TCF21 mediates type IV collagen deposition by VIS ASCs. A–C, mouse VIS ASCs were transfected with siRNA oligonucleotides targeting Tcf21 and a control oligonucleotide and then cultured for 3 days. A, RT-qPCR analysis of collagen gene expression (n = 4, means ± S.E.). *, p < 0.05; **, p < 0.01 by one-way ANOVA). B, extracellular type IV collagen was detected (red) and quantified, normalized by the number of nuclei (blue). Scale bar, 50 μm (low mag) and 10 μm (high mag) (n = 5, means ± S.E., not significant per two-way ANOVA). C, extracellular degraded collagen was stained (red) and quantified per nuclei (blue) (n = 5, means ± S.E.) Scale bar, 50 μm. *, p < 0.05; ****, p < 0.001 by two-way ANOVA. D, ASCs isolated from VIS WAT were cultured in the presence or absence of 10 μm GM6001 for 2 days, stained for degraded collagen (red), and quantified per nuclei (blue) (n = 5, means ± S.E.). Scale bar, 50 μm. *, p < 0.05 by Student's t test. E and F, ASCs isolated from VIS and SQ WATs were transduced with TCF21 cDNA by lentiviral gene transfer.
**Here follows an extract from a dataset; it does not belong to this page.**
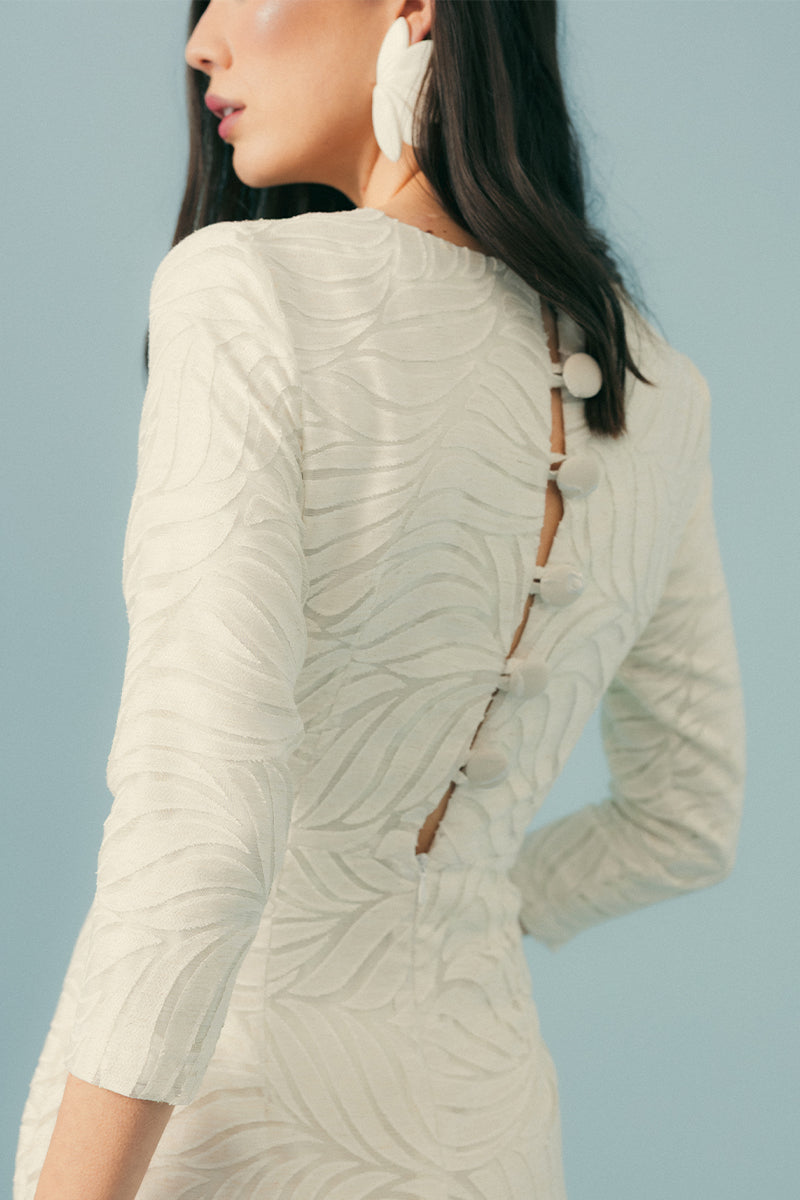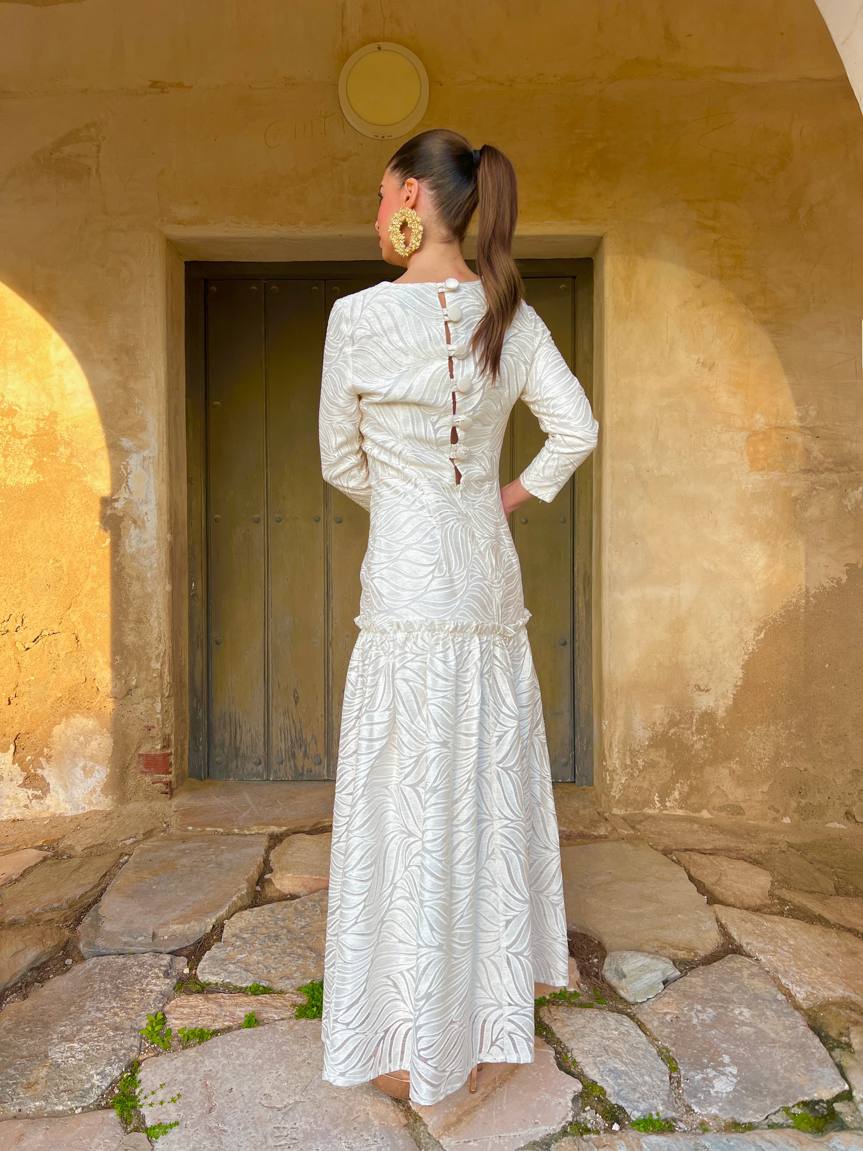Vestido confeccionado en devoré de lino, de largo midi, con escote a la caja, mangas francesas, detalle de botones en espalda, entallado hasta la cadera y falda con maxi volante con cabecilla vista al hilo.

The cells were cultured for 3 days and analyzed by immunostaining for collagens type IV, I, and VI and degraded type I collagen (all in red) along with DAPI (nuclei, blue). Scale bar, 50 μm. Signal intensities of staining were quantified and normalized by nucleus number (n = 5, means ± S.E.). *, p < 0.05; **, p < 0.01; ****, p < 0.001 by two-way ANOVA (E) or by Student's t test (F).

Figure 5.

IL6 is responsible for the expression of Mmp13 and Timp1 but not for type IV collagen deposition and type I collagen degradation. A, VIS and SQ ASCs were incubated in the presence and absence of IL6-neutralizing antibody (IL6 Ab, 100 ng/ml) with and without 30 ng/ml recombinant mouse IL6 for 24 h. Total RNA was isolated 24 h later and analyzed by RT-qPCR (n = 3, means ± S.E.). *, p < 0.05 by two-way ANOVA. B, mouse VIS ASCs were transfected with siRNA oligonucleotides targeting Tcf21 and a control oligonucleotide and then treated with IL6-neutralizing antibody (100 ng/ml) for 3 days. Extracellular deposition of type IV collagen and degraded collagen products are shown in red, and nuclei are in blue. Scale bar, 50 μm. Signal quantification is shown on the right (n = 5, means ± S.E.). **, p < 0.01 by two-way ANOVA.